Armstrong hopes to move to full time in 2024 and believes being aligned with a powerhouse such as Ganassi will give him an opportunity to post strong results immediately (just as Ilott and Lundgaard had flashes as rookies last year).

“I’ve been genuinely impressed by the organization, just the strategic point of view that Chip Ganassi Racing has, it’s really quite remarkable,” he said. “I can understand why they’ve had so much success. I think fundamentally I need to get on it straightaway. I have all the information in the world, really. I just need to hit the ground running, do well immediately.”
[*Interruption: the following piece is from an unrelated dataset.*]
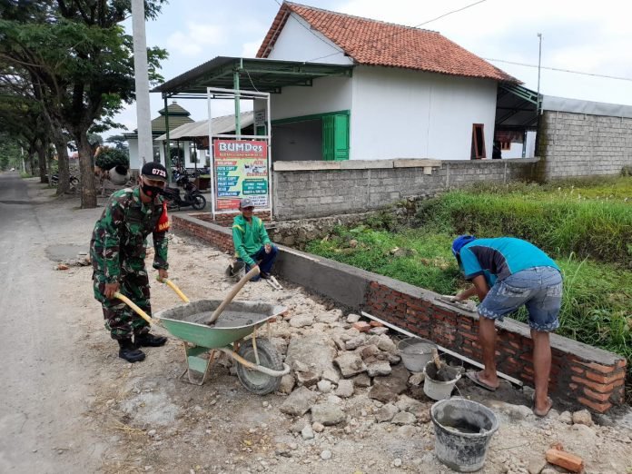ACTUALNEWS.ID, Sragen – Senin, 8 November 2021 pukul 09.00 Wib Sertu Sunarto Babinsa Mojodoyong Koramil 05/Kedawung Kodim 0725/Sragen melaksanakan Karya Bakti bersama masyarakat di dukuh Mojodoyong Rt 07 Desa Mojodoyong Kecamatan Kedawung Karya bakti Pembuatan talud jalan di dukuh Mojodoyong ini sumberdana dari swadaya masyarakat dan dikerjakakan oleh masyarakat mojodoyong secara bergantian sesuai jadwal yang telah di susun warga.

In among the wildest stories of the offseason, rookie Sting Ray Robb revealed he landed his ride at Dale Coyne Racing because he ran into Indy Lights champion Linus Lundqvist at PitFit Training, a physical fitness and performance center used by many drivers in Indianapolis.

Lundqvist was the presumptive favorite for the DCR No. 51 Dallara-Honda, which was the last open seat heading into the 2022 season. Because of his Indy Lights title (since rebranded as “IndyNXT”) with HMD Motorsports, Lundqvist had a six-figure sponsorship to bring to an IndyCar team, and DCR is partnered with HMD.
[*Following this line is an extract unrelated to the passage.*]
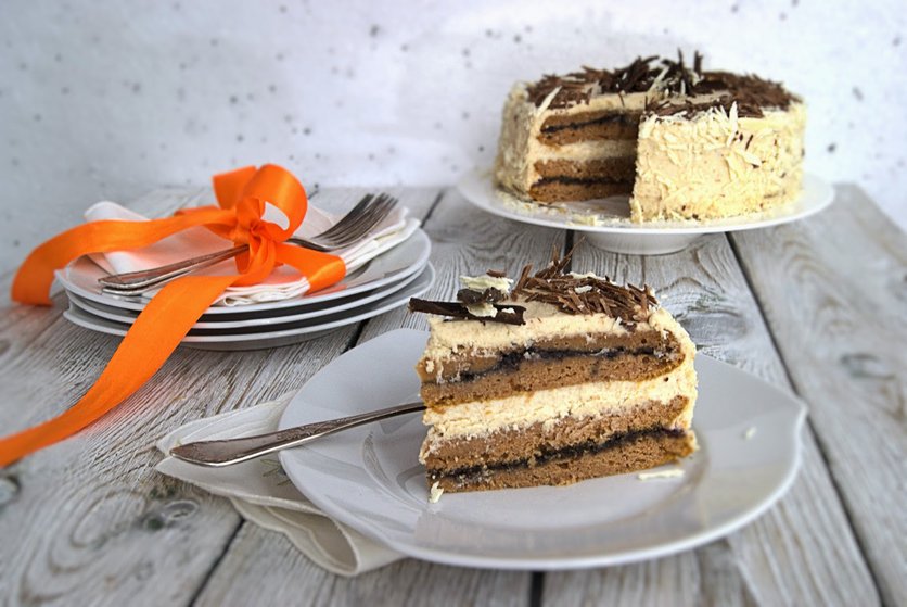 Blaty wyjąć z form, każdy przekroić na dwa cieńsze krążki. Na pierwszym rozsmarować połową konfitury czeremchowej z cassisem. Nakryć drugim, na wierzchu rozsmarować 1/3 kremu różanego. Położyć kolejny krążek, rozsmarować konfiturę. Na ostatnim rozsmarować pozostały krem.

“There was a few teams that we were talking to, and Dale’s team was not the one that was at the top of the list because we thought they already had a driver,” Robb said. “Obviously with Linus winning the championship, we assumed with the HMD association there that there would be a straight shoe-in for him.
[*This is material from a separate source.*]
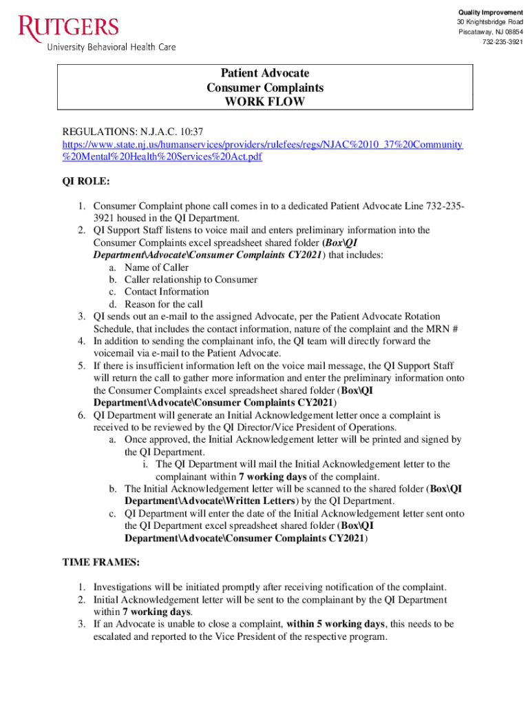 Quality Improvement 30 Knights bridge Road Piscataway, NJ 08854 7322353921Patient Advocate Consumer Complaints WORK FLOW REGULATIONS: N.J.A.C. 10:37 https://www.state.nj.us/humanservices/providers/rulefees/regs/NJAC%2010_37%20Community

“But I actually was at PitFit Training one day with Linus and discovered that was not the case. That created an opportunity for us that allowed me to call up my manager, Pieter Rossi, and get him on the phone, and he immediately called Dale and said, ‘Hey, we’re available.’ I think there was a mutual understanding of what availability was for either one of us. That’s when conversations began. Then we had a really good test in 2023 right at the beginning of January, and I think that was kind of the one that set the tone that allowed me to get in the seat.

“I think there’s been some opportunities that were miraculously created that we couldn’t have done on our own.”

Robb, who finished second in last year’s Indy Lights standings, hasn’t talked to Lundqvist since their PitFit meeting.

“Linus does deserve a seat” in IndyCar, Robb said. “His on-track performance was incredible. But it takes more than just a driver to get into IndyCar. You’ve got to have a village around you that supports you, and so I think that that is where my group made a difference. It wasn’t just in my performance, but it was the people around me.

“I feel bad for Linus because as a driver I can feel that way towards him because I could be in that seat if I didn’t have those same people around me. So there you go.”